Simon Price, "Fall's Gold"

Melody Maker?, ? December 1991, Stockport Town Hall (18 or 23 Dec. 1991)

 

THE FALL

TOWN HALL, STOCKPORT

They're always be a Fall. And we'll always need one. A sarcy switchblade to the throat of all the mediocre crap we delude ourselves is hip. In these times, in this land of cloth-eared morons, we probably need Mark E. Smith's venomous intellect more than ever (a point underlined all too clearly by the inoffensive, middle-class, so-called dangerous fake-rage of that fucking shite Nirvana album which precedes their appearance). This is the man, remember, whose first words at the Reading festival were "Idiot groups with no shape or form/ Out of their heads on a quid of blow/The shapeless keks flapping up a storm. He must have seen Blur soundchecking.

Stockport is about as grim as the North gets. Inside grotesquely ornamental interior of Stockport Town Hall, amongst all the gaudy Victorian civil pride and cheap festive tinsel, the original Manic Street Preacher shuffles up to the lectern with a crease ironed into his jeans and delivers a welcome blast of the Anti Christmas Spirit: a hybrid of Alf Garnett, James Joyce, Mr Abusing and Scrooge muttering "humbug-ah!" in the face of enforced conviviality. I've always found Mark E Smith's rabid, loaming, bile-spattered vocal physically, almost sexually thrilling. Which may sound strange. But to most Fall apologists - the kind of people who use words like "trippy" (snigger, snigger) and "surreal" when their knowledge of art is roughly zero - Smith is little more than an alternative Vic Reeves, his lyrics deliberately meaningless streams of diseased consciousness. Which is to miss the point entirely. Smith is a clairvoyant to wit: one who sees clearly, storing deep into your soul and cackling at what he sees.
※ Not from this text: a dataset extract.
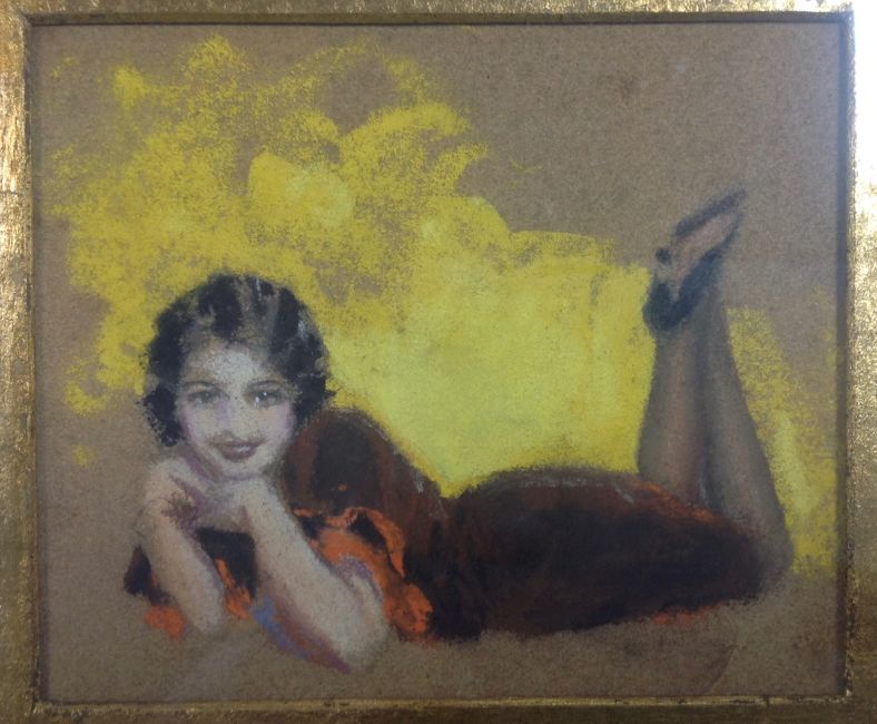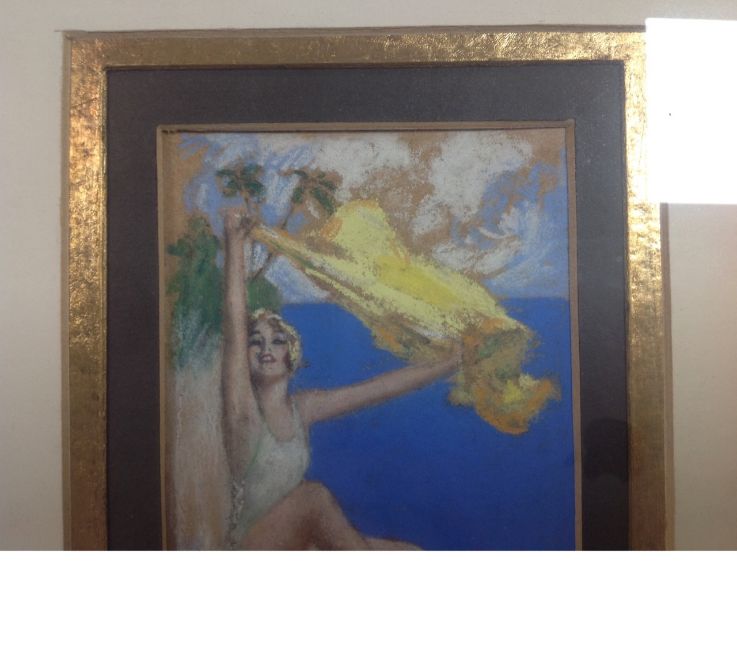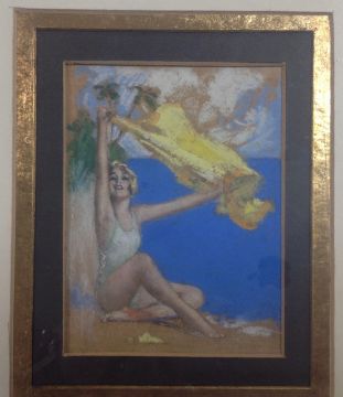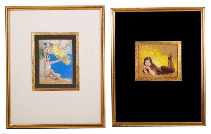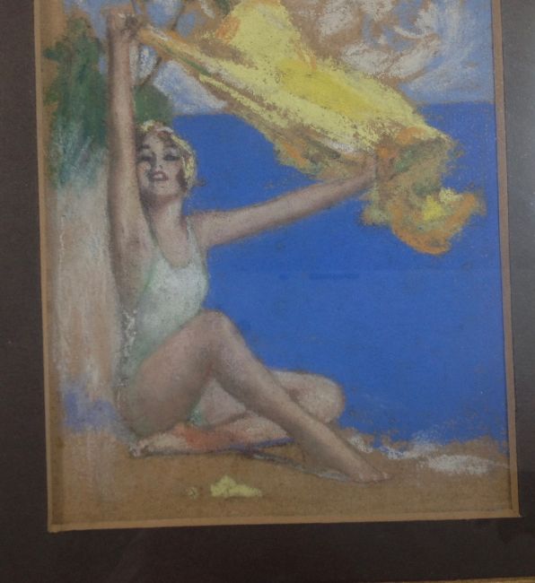 'Girl on the beach', pastel and 'Girl relaxing', pastel, both framed, unsigned, both with certificate of authenticity verso, (2)

That said a Fall performance is only ever as good as their last couple of albums, because this (with the glorious exception of "Big New Prinz") is invariably all they'll play. And since he hasn't made a great one since Brix left (from which I draw no conclusions whatsoever), we're clearly not in for a classic. "Extricate" and "Shiftwork" not only saw The Fall abandon chart-tickling cover versions: the focussed incisiveness of the...[cut]

Tonight he simply can't be arsed. The perverse old fucker barely even looks at us. Smith's legendary misanthropy isn't quite so attractive when it's turned on the very people who pay the bills. Kurious.

The most troubled, awkward, ill-fitting band in the land are stuck in a rut. It's no headline, no call for obituaries. At his sneering, megaphone-wielding best I can still think of no greater poet in British pop.